[RECORDED DATA Boundary: Start]

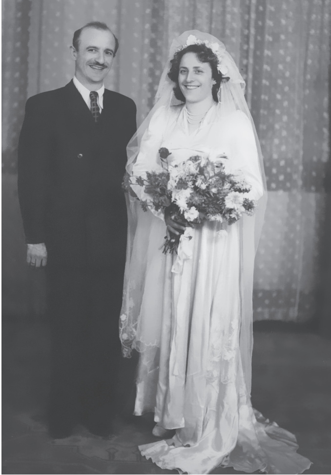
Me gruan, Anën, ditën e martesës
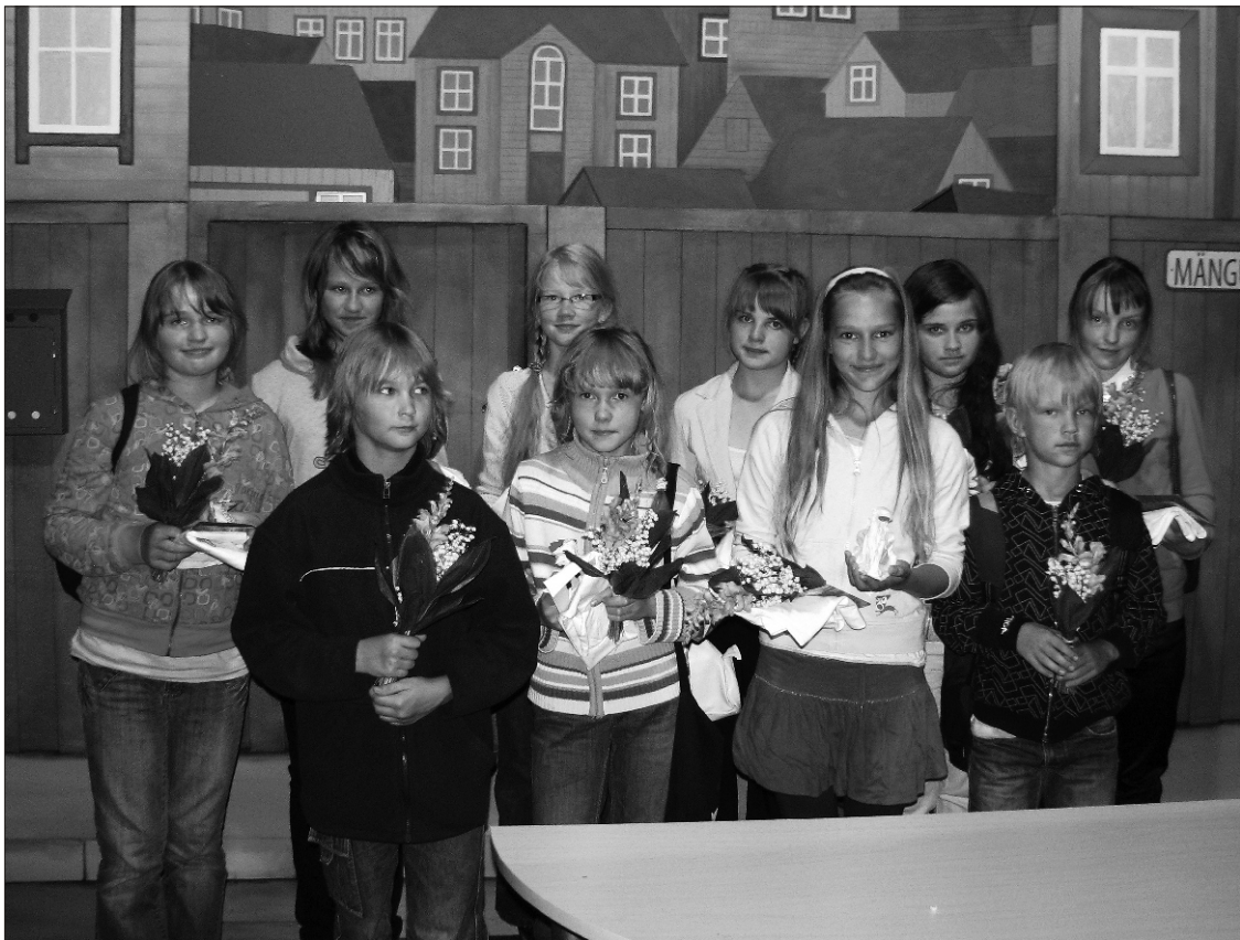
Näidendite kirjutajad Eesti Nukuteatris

[RECORDED DATA Boundary: End]
[RECORDED DATA Boundary: Start]

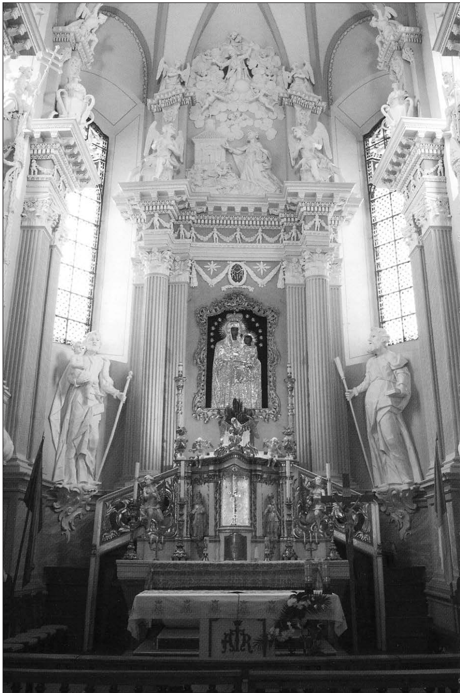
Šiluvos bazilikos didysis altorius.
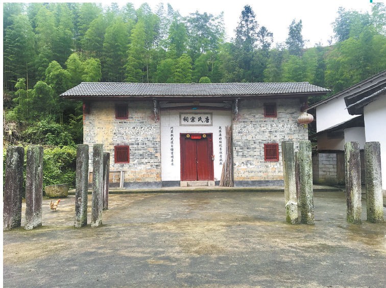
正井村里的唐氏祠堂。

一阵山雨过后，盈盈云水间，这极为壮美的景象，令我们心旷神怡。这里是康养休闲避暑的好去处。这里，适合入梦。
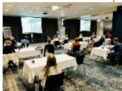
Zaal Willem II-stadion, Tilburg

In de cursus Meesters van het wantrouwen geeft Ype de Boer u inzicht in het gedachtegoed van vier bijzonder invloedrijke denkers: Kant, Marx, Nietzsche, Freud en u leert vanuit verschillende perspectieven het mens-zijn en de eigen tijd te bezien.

[RECORDED DATA Boundary: End]
[RECORDED DATA Boundary: Start]

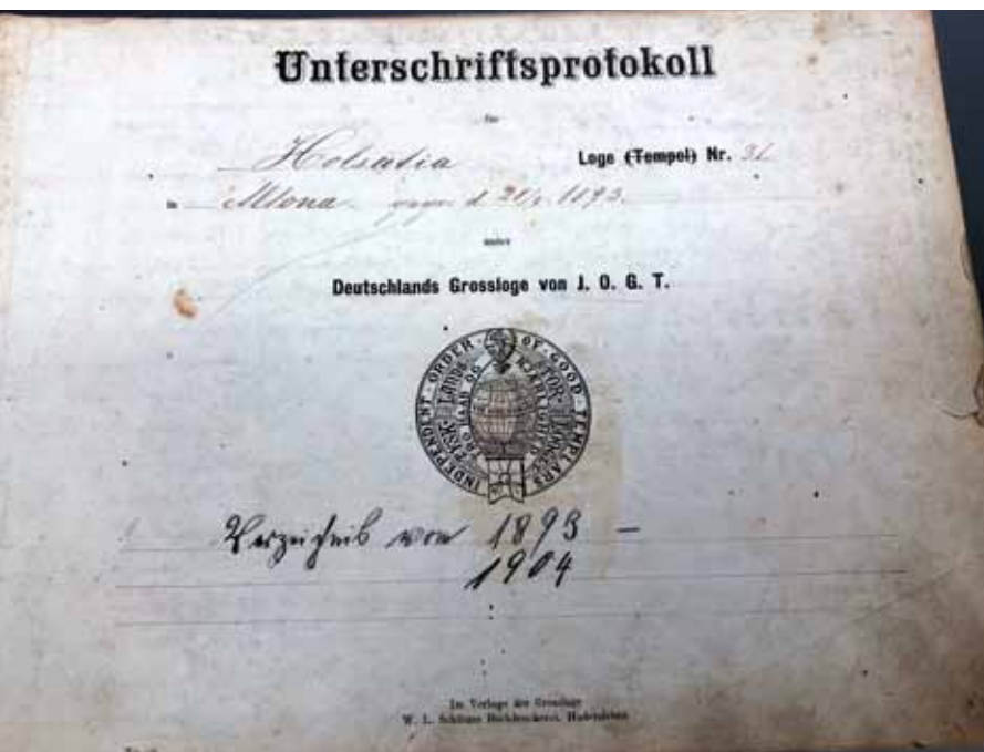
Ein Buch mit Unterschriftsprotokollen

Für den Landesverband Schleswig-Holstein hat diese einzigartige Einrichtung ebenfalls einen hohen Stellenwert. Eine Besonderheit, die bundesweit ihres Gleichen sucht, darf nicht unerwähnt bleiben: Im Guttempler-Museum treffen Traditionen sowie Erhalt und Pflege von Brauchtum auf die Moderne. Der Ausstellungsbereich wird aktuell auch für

[RECORDED DATA Boundary: End]

WHAT YOU SHOULD DO:
Those lines of the records above that run from the one containing "一阵山雨过后，盈盈云水间，这" through the one containing "In de cursus" should be returned exactly, with no pictures among them.

OUTPUT FOR THIS TASK:
一阵山雨过后，盈盈云水间，这极为壮美的景象，令我们心旷神怡。这里是康养休闲避暑的好去处。这里，适合入梦。
Zaal Willem II-stadion, Tilburg

In de cursus Meesters van het wantrouwen geeft Ype de Boer u inzicht in het gedachtegoed van vier bijzonder invloedrijke denkers: Kant, Marx, Nietzsche, Freud en u leert vanuit verschillende perspectieven het mens-zijn en de eigen tijd te bezien.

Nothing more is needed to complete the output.